Stop the Spray BC has been advocating against the continued use of glyphosate in British Columbia to curb the growth of deciduous plants and trees in forests thus promoting the growth of conifers instead.
“It is clear that our forestry institutions, from the professional association to the highest levels of bureaucracy, even our Forest Practices Board, are in complete denial about the failures of plantation forestry and the harm of anti-deciduous forestry policy,” said Steidle, in a news release.
Steidle says the last time government made an attempt to assess the diversity of replanted forests was in 2008 and it found a nine per cent increase in monocultures since 1987, according to the Forest and Range Enhancement Project Report #14. Given the intensification of logging, spraying, brushing, and pine-dominated reforestation, this has likely grown significantly worse and no one is monitoring it, he adds.
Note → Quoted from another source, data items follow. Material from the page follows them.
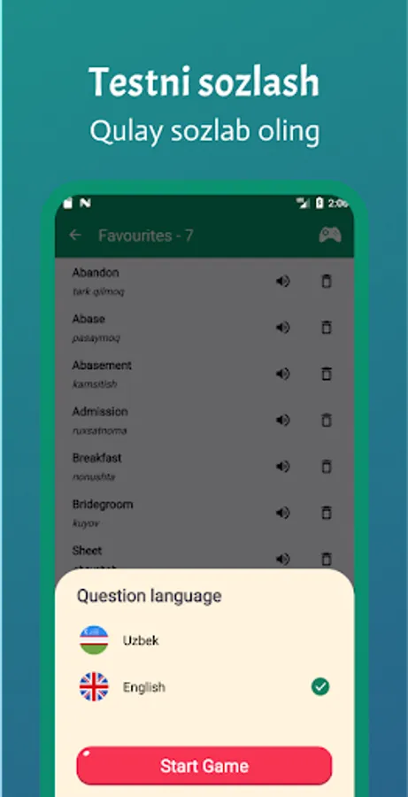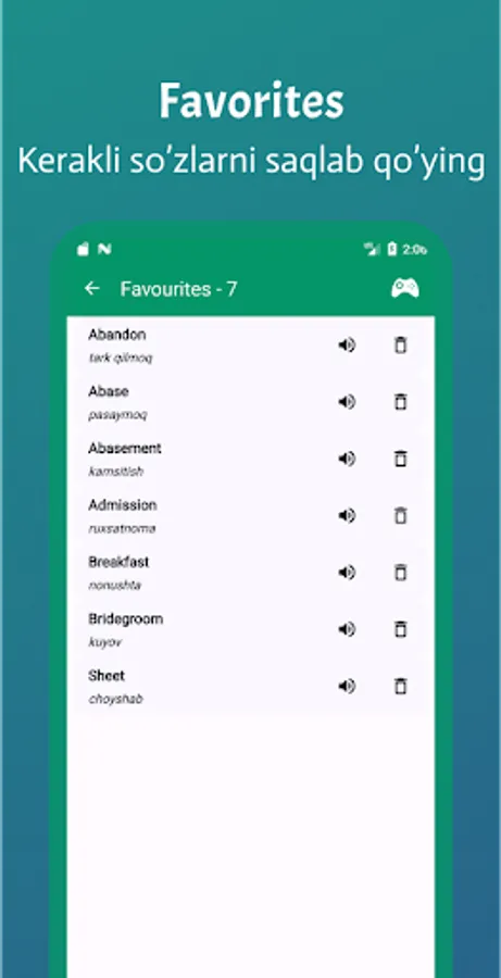 Favorites oynasida yeg'ilgan so'zlarni Test qilib tezda yodlab olishingiz mumkin.
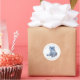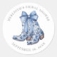Ce design d'autocollant rond présente une paire de bottes de cowboy bleues élégantes avec un nœud à l'aquarelle douce au centre, ajoutant une touche rustique douce. Le nom de la mariée et la phrase « Bridal Shower » s'enroulent autour du bord supérieur dans une police classique grise serif, avec la date incurvée le long du bas dans le même style simple.
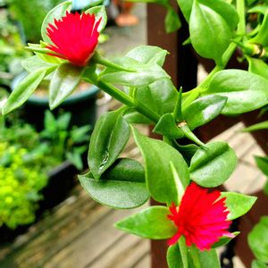 今晩は😄👋 ベビーサンロースグリーンの葉に真っ赤な花が次々に咲いてくれてます。可愛い💕

“You can drive down the Blackwater to Quesnel and you will see a sea of pine plantations. It wasn’t all pine before. We probably have more pine on the landscape than we did prior to the pine beetle,” said Steidle. “And yet the story we are told is that everything is fine, that the Ministry has it under control.”
Douglas fir stands are being replaced with pine, acknowledged in a 2020 Forest Practices Board Report, and the same is likely happening with spruce, aspen and birch.
“Central to the simplification of our forests is the war on aspen, cottonwood and birch,” he said. “The rules are draconian and extreme. They require a minimum of 95 per cent conifer domination and have no requirements to maintain any deciduous patches for fire-breaks, moose habitat, cattle range, biodiversity, or their vastly superior albedo and carbon sequestration for climate change mitigation.
“Aspen and birch can fight off pine and allow spruce and Douglas fir a chance to come in underneath, to mix up the age and species classes, to create resiliency. Forestry doesn’t understand this. All they see is a computer model that demands maximum conifer production to maintain the maximum level of clearcutting we are seeing today, which, as we’ve seen, has not been sustainable and is failing our communities and our workers. Pine is cheap, quick, and reliable to replant and they are using it to juice up their illegitimate models of landscape liquidation and conversion, ignoring the massive risk calculation it involves. Covering landscapes with intensive pine plantations, and spruce plantations in the wet zones, will benefit nobody if they all burn or get hit with a resurging pine or spruce beetle. We have learned nothing from the past apparently.”
Forest Minister Bruce Ralston will be addressing the Association of BC Forestry Professionals at 9 a.m. on Friday. Regardless if the meeting happens or not, Steidle will be outside with signage to make sure the message gets through.